# I just joined the club! P229 SCT!



## Crux (May 14, 2009)

I just made my first handgun purchase today and joined the sig club. A local shop had the sig rep in town and they had a ridiculous deal on both the Sig P226 SCT and the 229 SCT. I had put 20 rounds or so through a 226 several weeks back, but went to the range I just became a member of and put 50 each through the 226 and 229 to make my final choice.

Oddly enough, I was much more consistent and shot tighter groups with the 229! Probably just a subtle difference in the grip, but either way I wasn't complaining. It just made my decision easy. Being an Australian citizen (but legal permanent resident) my background check takes a little longer than the norm. I will hopefully be picking it up tomorrow, giving it a good cleaning to remove all the excessive lube and gunk from the factory, and get some rounds through it by the evening!


----------



## SaltyDog (Jan 1, 2009)

NICE!!! Welcome to the club. 

I like the 229 also. Great gun. Which caliber did ya get? I saw at SigSauer.com it comes with TRUGLO® Tritium Fiber Optic front sights - How's that?

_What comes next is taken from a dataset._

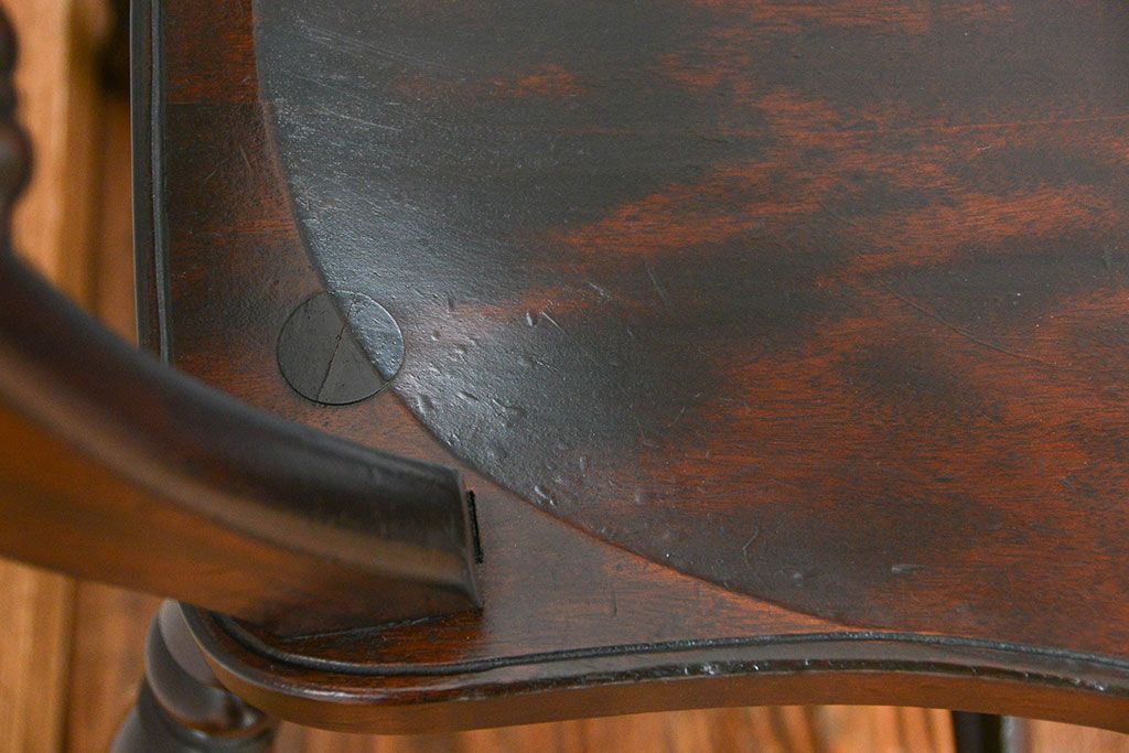 画像にありますように背もたれの一部に木材の割れの直しがありますが

Other lucky thing for you is that you actually got to talk to a Sig rep - I'm jealous - I have to do everything Sig over the net or go for a long drive.

pics Crux pics :smt023


----------



## Crux (May 14, 2009)

Pics will come as soon as I get the gun 

I got it in 9mm - I want to be able to afford to shoot it, especially after spending so much  The sights looked very nice in the store, but obviously the true test will be when I get a chance to look at them when it is dark. 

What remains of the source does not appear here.